The regression model also posits that empirical observations tend to deviate from the linear pattern, and that the deviations are themselves a random variable. We will have considerably more to say about the random deviations in Chapter 16, but it is very useful at the outset to understand this aspect of the regression model.

Linear regression analysis does not demand that all points line up perfectly, or that the two continuous variables have a very close (or “strong”) association. On the other hand, if groups of observations systematically depart from the general linear pattern, we should ask if the deviations are truly random, or if there is some other factor to consider as we untangle the relationship between Y and X.

What Are We Assuming?

The preceding discussion outlines the conditions under which we can generalize using regression analysis. First, we need a logical or theoretical reason to anticipate that Y and X have a linear relationship. Second, the default method1 that we use to estimate the line of best fit works reliably. We know that the method works reliably when the random errors, ei, satisfy four conditions:

● They are normally distributed.

● They have a mean value of 0.

● They have a constant variance, s2, regardless of the value of X.
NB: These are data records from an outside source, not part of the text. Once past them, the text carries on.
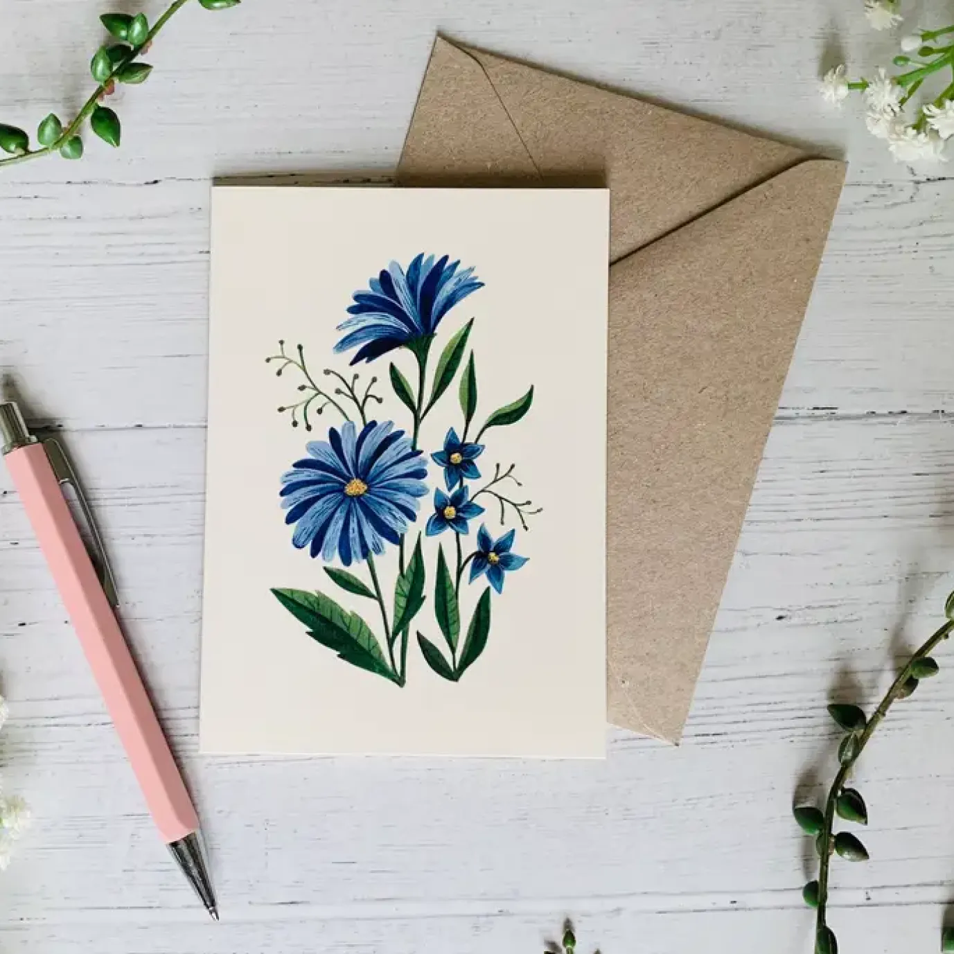 This A6 greeting card features a vibrant blue wildflower design, a reproduction of an original watercolour painting. Perfect for any occasion!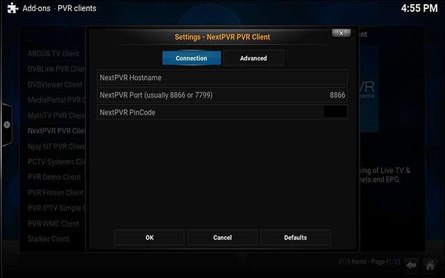 הגדרת זה כמעט זהה להגדרת Kodi לגישה ל- NextPVR במחשב מקומי, עם שינוי הגדרות אחד קטן.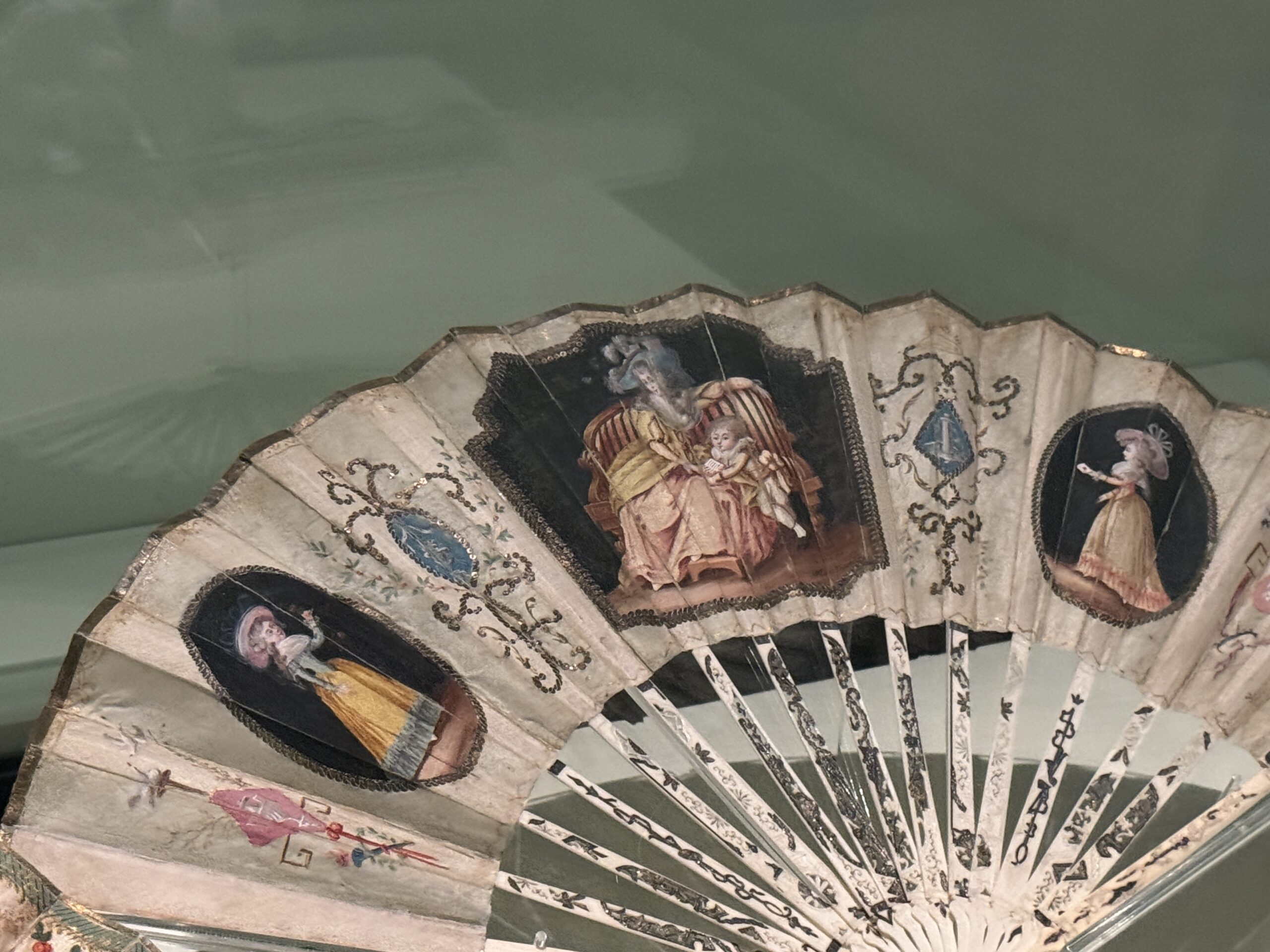 Веер с матерью и сыном. Производитель неизвестен. Примерно 1780-1789 гг. Слоновая кость, расписной шелк, блестки. Франция. Музей Виктории и Альберта: T.374-1910. Передано в дар капитаном Х. Б. Мюрреем.»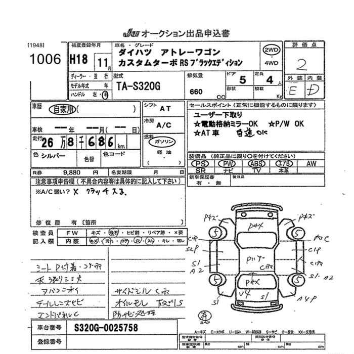 DAIHATSU ATRAI WAGON CUSTOM TURBO RS BLACK EDITION - лот 1006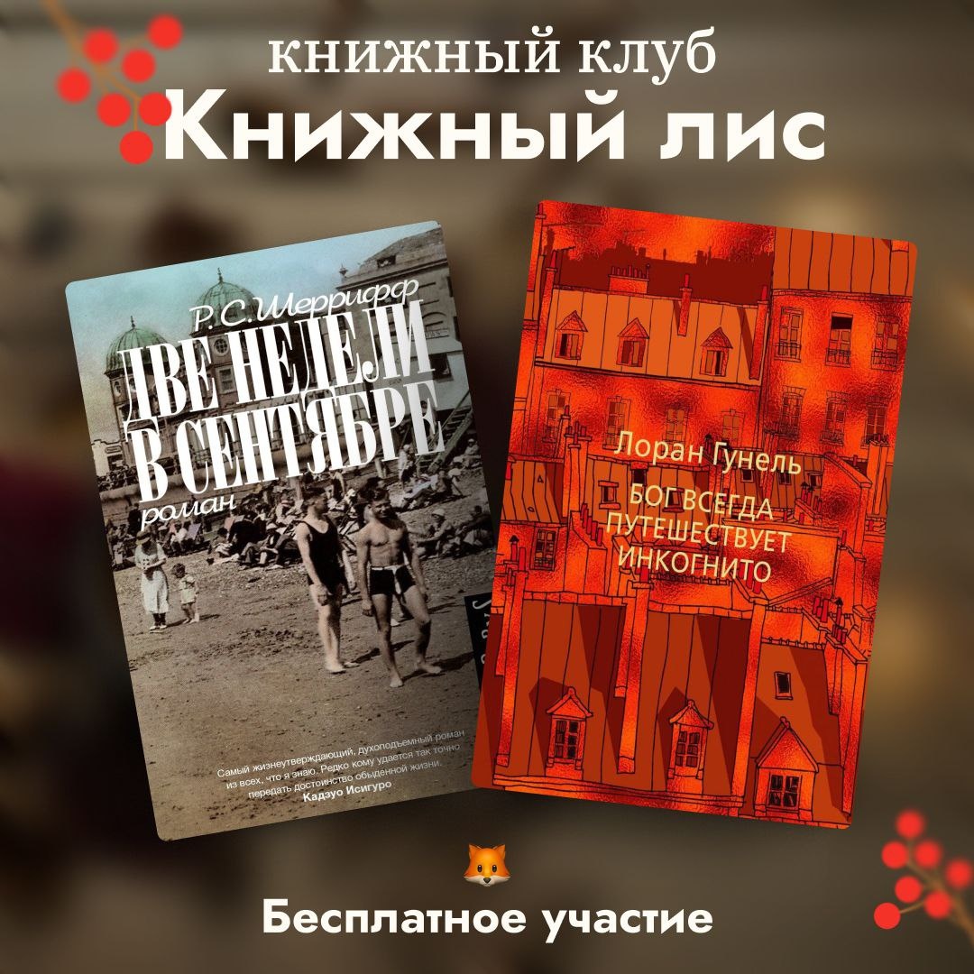 😈😈😈😈😈😈😈 😈😈😈😈 🔥Объявляем старт для заявок на читательский сентябрь в книжном клубе «Книжный Лис»! В сентябре читаем: ◾️Роберт Шеррифф. Две недели в сентябре ◾️Лоран Гунель. Бог всегда путешествует инкогнито Факультативно (параллельно с двумя основными книгами) в этом месяце читаем: 🔶Александр Дюма. Граф Монте-Кристо Вы сами приобретаете книги в удобном для вас формате. Мы добавим вас в закрытый чат, где все участники клуба будут вместе читать и обсуждать два произведения + факультативное в отдельном диалоге. 💡Чтобы записаться в клуб на сентябрь, напишите, пожалуйста, в личные сообщения мне @zanoza_books ✅Старт 1 сентября (во второй половине дня). Участие бесплатное!

● They are independent across observations.

At this early stage in the presentation of this technique, it might be difficult to grasp all the implications of these conditions. Start by understanding that the following might be red flags in a scatter plot with a fitted line:

● The points seem to bend or oscillate predictably around the line.

● There are a small number of outliers that stand well apart from the mass of the points.

● The points seem snugly concentrated near one end of the line but fan out toward the other end.

● There seem to be greater concentrations of points distant from the line, but not so many points concentrated near the line.

In this example, none of these trouble signs is present. In the next chapter, we will learn more about looking for problems with the important conditions for inference. For now, let’s proceed assuming that the sample satisfies all of the conditions.

Interpreting Regression Results

There are four major sections in the results panel for the linear fit (see Figure 15.5), three of which are fully disclosed by default. We have already seen the equation of the line of best fit and discussed its meaning. In this part of the chapter, we will discuss the three other sections in order.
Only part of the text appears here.